What is expected: Reproduce every line of the data, exactly and without its pictures.

Information provided:
.....

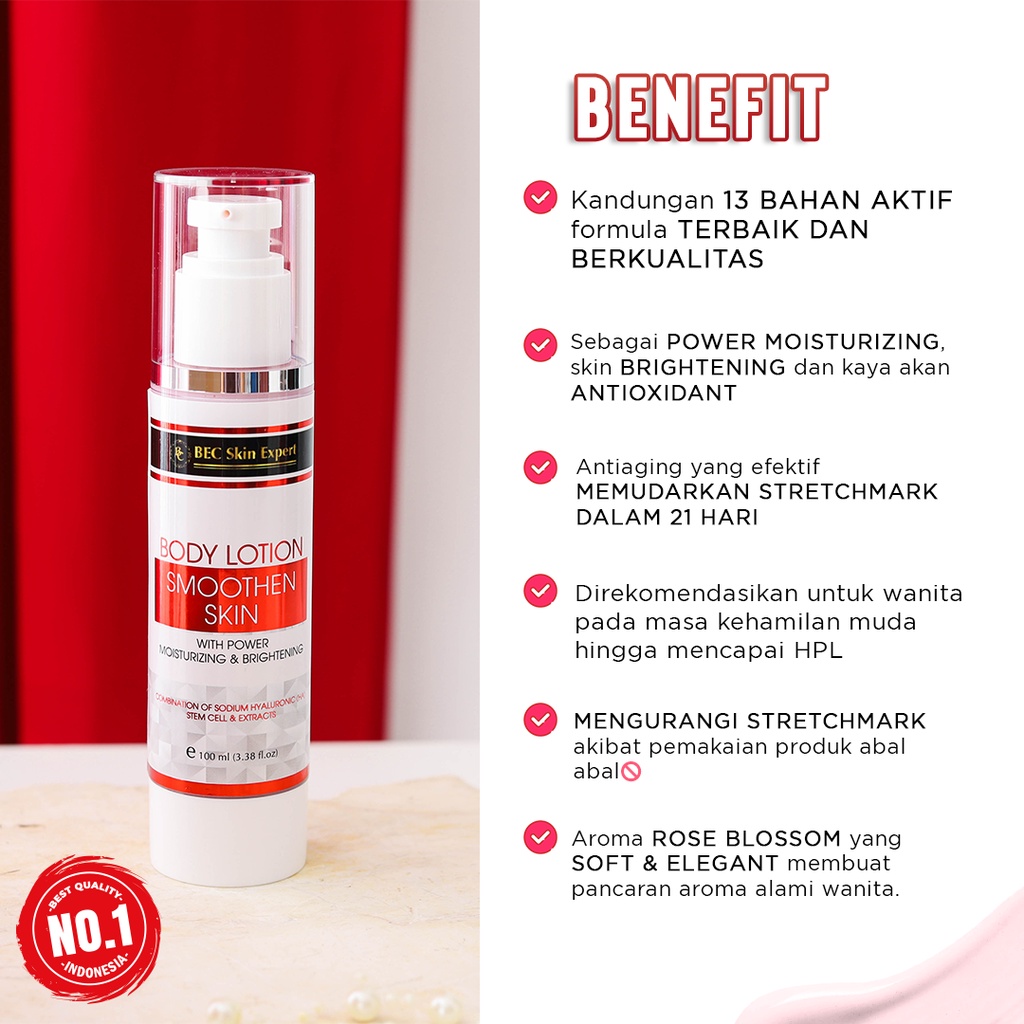 [Mall] BEC Skin Expert - Body Lotion Smoothen Skin with Power Moisturizing & Brightening ( memudarkan strechmark)
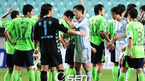 2009 K-리그 전북 현대와 울산 현대의 경기가 26일 전주 월드컵경기장에서 벌어졌다. 이 날 경기에서 전북과 울산은 서로 1-1 무승부를 거뒀다. 경기를 마치고 전북 선수들과 울산 선수들이 인사를 나누고 있다./전주=민경훈 기자 rumi@osen.co.kr
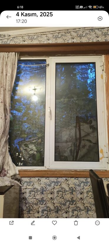 PVC plastik pəncərə – 2 ədəd - Material: ağ rəngli PVC profil - Şüşə: ikiqat şüşə paket (enerji qənaəti və səs izolyasiyası üçün) - Açılış sistemi: orta hissədə çevrilib-açılan (mətbəx/otaq üçün r...
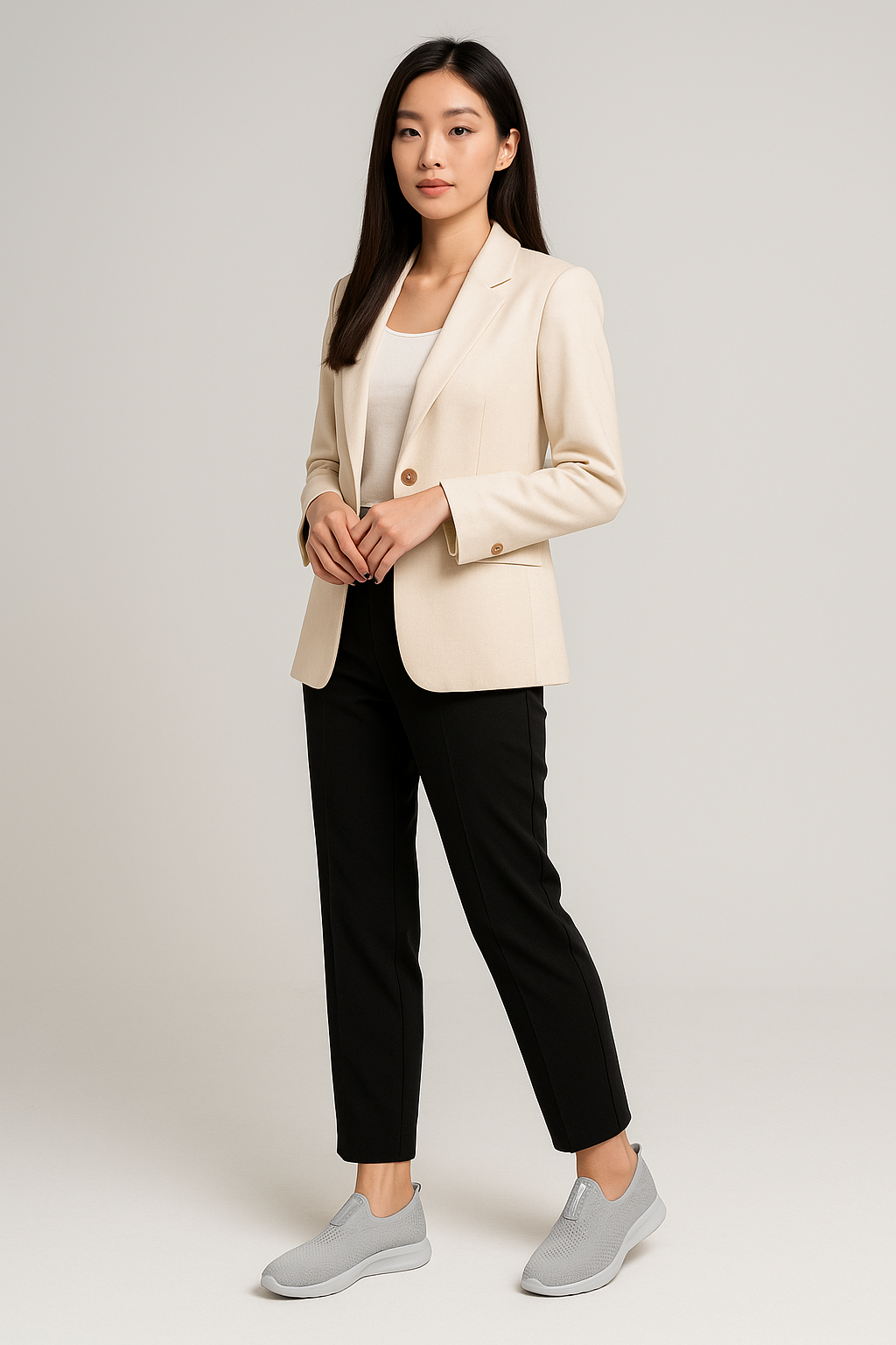 Thiết kế trẻ trung, tối giản: Form ôm chân hiện đại, cổ vừa tôn dáng, dễ phối đồ.

.....

Reply:
 [Mall] BEC Skin Expert - Body Lotion Smoothen Skin with Power Moisturizing & Brightening ( memudarkan strechmark)
 2009 K-리그 전북 현대와 울산 현대의 경기가 26일 전주 월드컵경기장에서 벌어졌다. 이 날 경기에서 전북과 울산은 서로 1-1 무승부를 거뒀다. 경기를 마치고 전북 선수들과 울산 선수들이 인사를 나누고 있다./전주=민경훈 기자 rumi@osen.co.kr
 PVC plastik pəncərə – 2 ədəd - Material: ağ rəngli PVC profil - Şüşə: ikiqat şüşə paket (enerji qənaəti və səs izolyasiyası üçün) - Açılış sistemi: orta hissədə çevrilib-açılan (mətbəx/otaq üçün r...
 Thiết kế trẻ trung, tối giản: Form ôm chân hiện đại, cổ vừa tôn dáng, dễ phối đồ.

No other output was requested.